October 13, 2022 | Page 4 of 10 | Chiral phosphine ligands

Jolin, Trinidad’s team published research in Biochemical Journal in 1971 | 606-68-8

Biochemical Journal published new progress about Deiodination. 606-68-8 belongs to class chiral-phosphine-ligands, and the molecular formula is C21H27N7Na2O14P2, Recommanded Product: ((2R,3S,4R,5R)-5-(6-Aminopurin-9-yl)-3,4-dihydroxy-oxolan-2-yl)methoxy-((((2R,3S,4R,5R)-5-(3-carbamoyl-4H-pyridin-1-yl)-3,4-dihydroxy-oxolan-2-yl)methoxy)hydroxyphosphoryl)oxyphosphinic acid disodium salt.

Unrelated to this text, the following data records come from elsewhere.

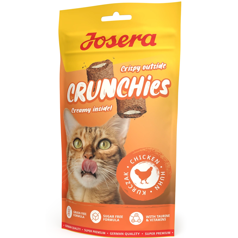 Wow, so crunchy! Josera Crunchies Chicken snacks offer so much more—filled with a creamy filling of delicious chicken for hungry kitties! These grain-free and low-calorie treats are the perfect everyday snack.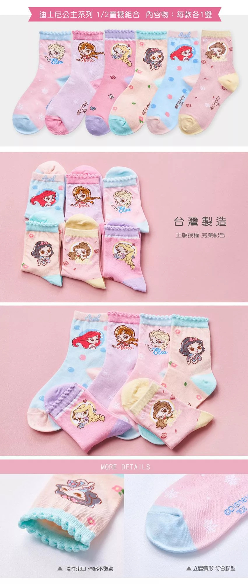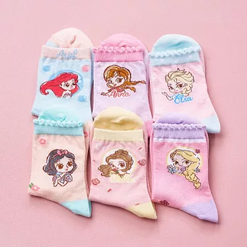【ONEDER 旺達棉品】Disney 公主直版襪 白雪公主 小美人魚 灰姑娘 貝兒 長髮公主 冰雪奇緣直版襪 FZ-A523(15-22)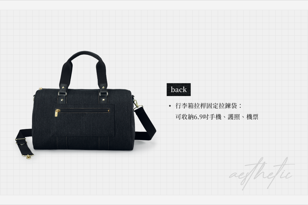 ▪後側附行李箱拉桿固定口袋,可放手機、護照

Jolin, Trinidad; Morreale de Escobar, Gabriella published the artcile< Deiodination of L-thyroxine and its activity on the oxidation in vitro of reduced nicotinamide adenine dinucleotide by peroxidase plus hydrogen peroxide>, Recommanded Product: ((2R,3S,4R,5R)-5-(6-Aminopurin-9-yl)-3,4-dihydroxy-oxolan-2-yl)methoxy-((((2R,3S,4R,5R)-5-(3-carbamoyl-4H-pyridin-1-yl)-3,4-dihydroxy-oxolan-2-yl)methoxy)hydroxyphosphoryl)oxyphosphinic acid disodium salt, the main research area is thyroxine deiodination NADH oxidation; peroxidase peroxide NADH thyroxine.

When L-thyroxine [51-48-9] activated the oxidation of disodium NADH [606-68-8] by horseradish peroxidase (EC 1.11.1.7) + hydrogen peroxide [7722-84-1], little removal of phenolic ring iodine [7553-56-2] atoms became apparent until most of the NADH had been oxidized, after which it increased markedly. This extensive deiodination was accompanied by loss of the ability of thyroxine to catalyze the oxidation of NADH by peroxidase + H2O2. ICN [506-78-5], but not I2 or thyronine [1596-67-4], catalyzed NADH oxidn in both the presence and absence of peroxidase + H2O2. Thyroxine + peroxidase + H2O2 were comparable with ICN alone in their effects on NADH oxidation The obvious results that the active moiety is the halogen liberated from thyroxine or ICN were not directly supported by some of the results obtained by measuring the degree of deiodination of thyroxine in the system. Possible explanations of these apparently contradictory conclusions were discussed.

Referemce:
Phosphine ligand,
Chiral phosphine ligands in asymmetric synthesis. Molecular structure and absolute configuration of (1,5-cyclooctadiene)-(2S,3S)-2,3-bis(diphenylphosphino)butanerhodium(I) perchlorate tetrahydrofuran solvate

Zhu, Guang-Yu’s team published research in Organic Letters in 2021-10-15 | 139139-86-9

Organic Letters published new progress about Boranes Role: RCT (Reactant), SPN (Synthetic Preparation), RACT (Reactant or Reagent), PREP (Preparation) ((amine-boranyl)(aryl)pyrrole derivatives). 139139-86-9 belongs to class chiral-phosphine-ligands, and the molecular formula is C44H40P2, Reference of 139139-86-9.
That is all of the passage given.